- _Given information_:
--- START ---
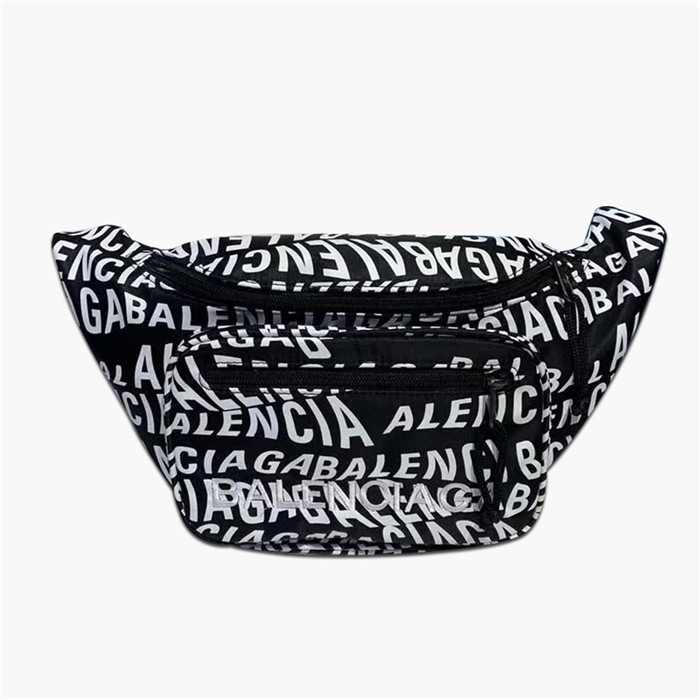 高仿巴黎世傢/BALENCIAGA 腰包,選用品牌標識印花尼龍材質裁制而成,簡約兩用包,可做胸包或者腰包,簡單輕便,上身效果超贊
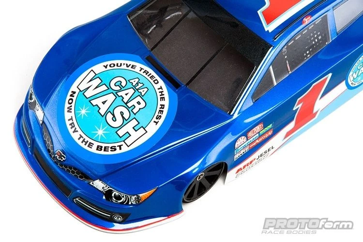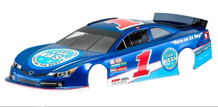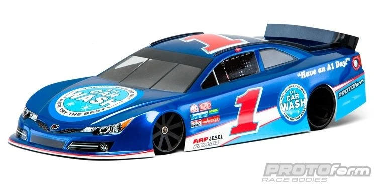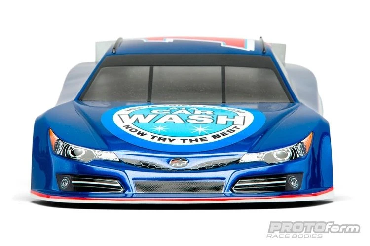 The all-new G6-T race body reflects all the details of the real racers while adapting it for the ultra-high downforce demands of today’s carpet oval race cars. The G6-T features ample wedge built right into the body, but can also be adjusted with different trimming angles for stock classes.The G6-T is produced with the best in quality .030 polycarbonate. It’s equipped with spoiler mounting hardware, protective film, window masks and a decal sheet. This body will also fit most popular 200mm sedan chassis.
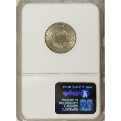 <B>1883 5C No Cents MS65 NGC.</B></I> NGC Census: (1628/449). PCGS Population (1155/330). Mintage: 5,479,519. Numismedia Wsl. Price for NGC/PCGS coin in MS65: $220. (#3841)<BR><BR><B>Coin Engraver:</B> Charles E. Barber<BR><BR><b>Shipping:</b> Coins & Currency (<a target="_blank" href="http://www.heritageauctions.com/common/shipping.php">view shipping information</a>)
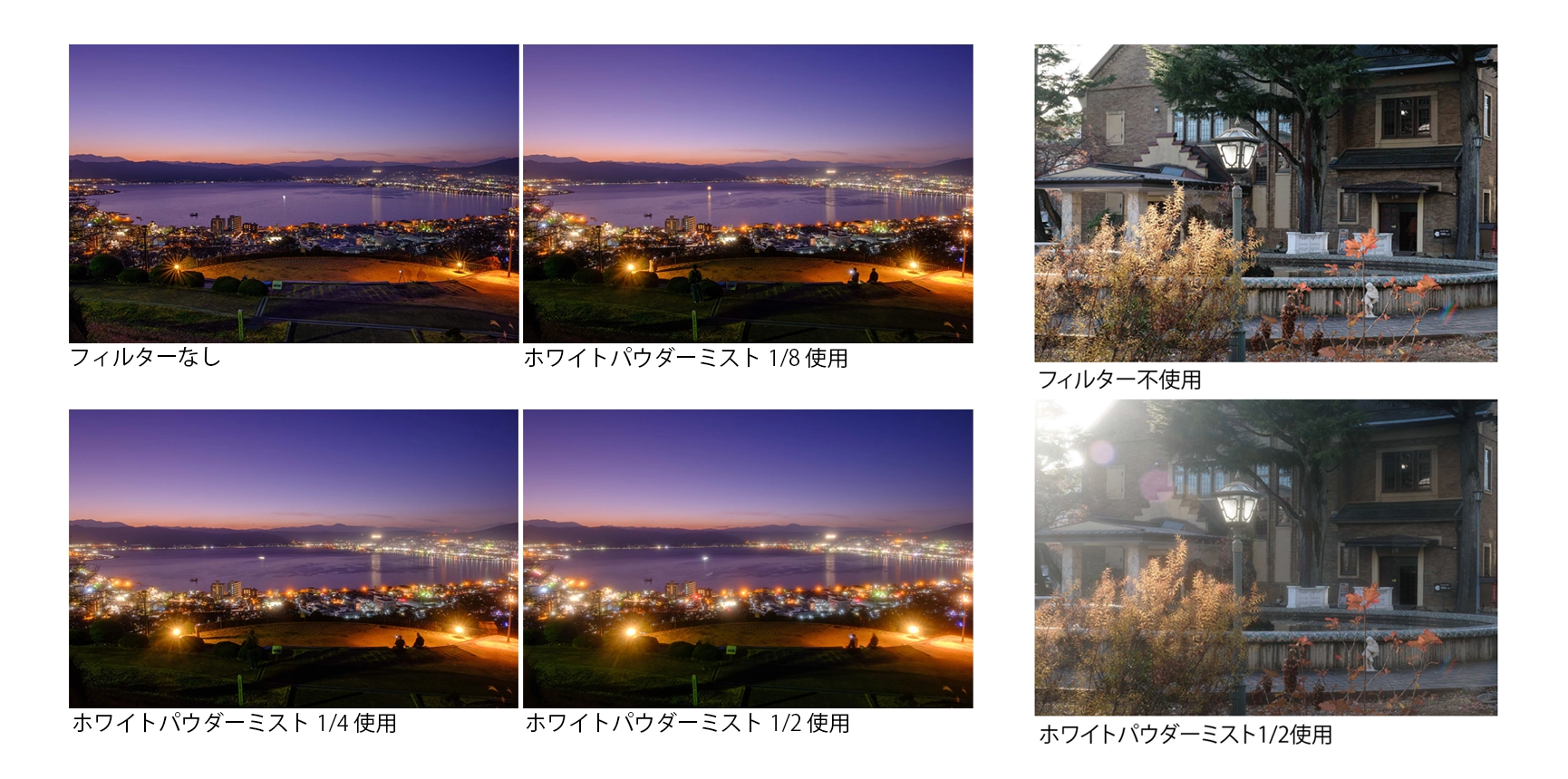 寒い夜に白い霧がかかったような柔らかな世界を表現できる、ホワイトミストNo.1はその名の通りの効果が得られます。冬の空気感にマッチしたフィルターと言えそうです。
--- END ---
With the pictures removed, set down the entire listing exactly.

- _Output of the exercise_:
 高仿巴黎世傢/BALENCIAGA 腰包,選用品牌標識印花尼龍材質裁制而成,簡約兩用包,可做胸包或者腰包,簡單輕便,上身效果超贊
 The all-new G6-T race body reflects all the details of the real racers while adapting it for the ultra-high downforce demands of today’s carpet oval race cars. The G6-T features ample wedge built right into the body, but can also be adjusted with different trimming angles for stock classes.The G6-T is produced with the best in quality .030 polycarbonate. It’s equipped with spoiler mounting hardware, protective film, window masks and a decal sheet. This body will also fit most popular 200mm sedan chassis.
 <B>1883 5C No Cents MS65 NGC.</B></I> NGC Census: (1628/449). PCGS Population (1155/330). Mintage: 5,479,519. Numismedia Wsl. Price for NGC/PCGS coin in MS65: $220. (#3841)<BR><BR><B>Coin Engraver:</B> Charles E. Barber<BR><BR><b>Shipping:</b> Coins & Currency (<a target="_blank" href="http://www.heritageauctions.com/common/shipping.php">view shipping information</a>)
 寒い夜に白い霧がかかったような柔らかな世界を表現できる、ホワイトミストNo.1はその名の通りの効果が得られます。冬の空気感にマッチしたフィルターと言えそうです。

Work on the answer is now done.